Little wonder, then, that Die Eidgenossen have broken into the top five of the FIFA/Coca-Cola World Ranking for the first time, leaving former World Cup winners such as France (9th), Spain (11th), Italy (12th) and England (13th) in their wake.

"There's been a great deal of investment in training, including training the coaches, and a lot of work as been done at youth level," said Vladimir Petkovic shortly before taking over as head coach of the national team in summer 2014. "Obviously in a country this small you might get a crop of players that doesn't quite click, or one that is more or less talented. But with a willingness to improve things, we can be positive about the future." Three years on and it is clear that his optimism was well founded.

However, success was by no means a foregone conclusion, as a period of upheaval ensued following the decisions of coach Ottmar Hitzfeld and captain Diego Benaglio to step down after Brazil 2014. "The core of the team stayed the same and a couple of young players came through," recalled Xherdan Shaqiri, one of the side's key figures. "We've got a great mix of experienced players and youngsters. It's a team that will bring a lot of joy to Switzerland fans."

The momentum gained from reaching the Round of 16 at the 2014 World Cup, where they were eliminated by a 1-0 defeat to Argentina, helped Switzerland qualify comfortably for last year's continental showpiece, where they were knocked out at the same stage. And now the team are firmly on course to reach Russia 2018.

"Most of our players are still very young," said former Switzerland goalkeeper Pascal Zuberbuhler, who played 51 times for his country, in an interview with FIFA.com. "These impressive players are all playing in the biggest leagues in Europe and show their quality on a daily basis. We have no reason to fear any other national side. Our team got off to a great start in World Cup qualifying, especially after beating Portugal. The head coach is leading them in the right direction. If they can keep working as well as they are now, then big things could be in store in the future."

Switzerland's team is packed with several top-quality players with proven ability on the international stage, such as goalkeeper Yann Sommer (Borussia Monchengladbach), Stephan Lichtsteiner (Juventus) and Shaqiri (Stoke City), as well as FIFA U-17 World Cup 2009 winners Granit Xhaka (Arsenal) and Ricardo Rodriguez (AC Milan). They are complemented by ambitious youngsters such as Breel Embolo (Schalke).

"Projects were implemented at the right time, namely in the 1990s, that supported youth development, and they did a really good job," said Jakob Kuhn, Switzerland's head coach between 2001 and 2008, in an interview with FIFA.com a few years ago. "Not only were we envied the world over, we were also constantly asked by people from different countries how a nation as small as Switzerland could compete in international football. Obviously there are a number of people responsible for our success, but we should be proud of our football."

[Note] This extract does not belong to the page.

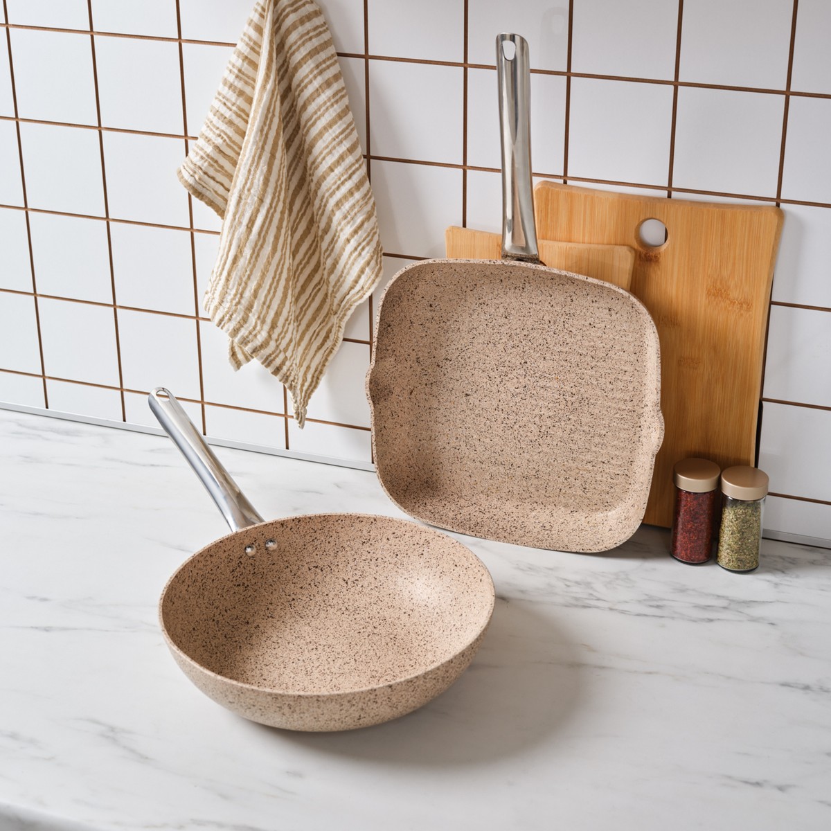 Nare Wok Grill Tava Set, ısıyı her tarafa eşit dağıtarak yemeklerin lezzetini arttırır. Maksimum yanmaz yapışmazlık sağlayan granit görünümlü kaplaması, leke tutmz özelliğiyle de kolayca temizlenmesine yardımcı olur.

Switzerland now have their eyes on six more points in upcoming qualifiers against Andorra (on 31 August) and Latvia (3 September). They have the chance to secure a fourth consecutive World Cup appearance, and 11th in total, when they conclude their campaign against Hungary (7 October) and in Portugal (10 October).

Should they succeed, Switzerland can undoubtedly allow themselves to feel an extra touch of pride.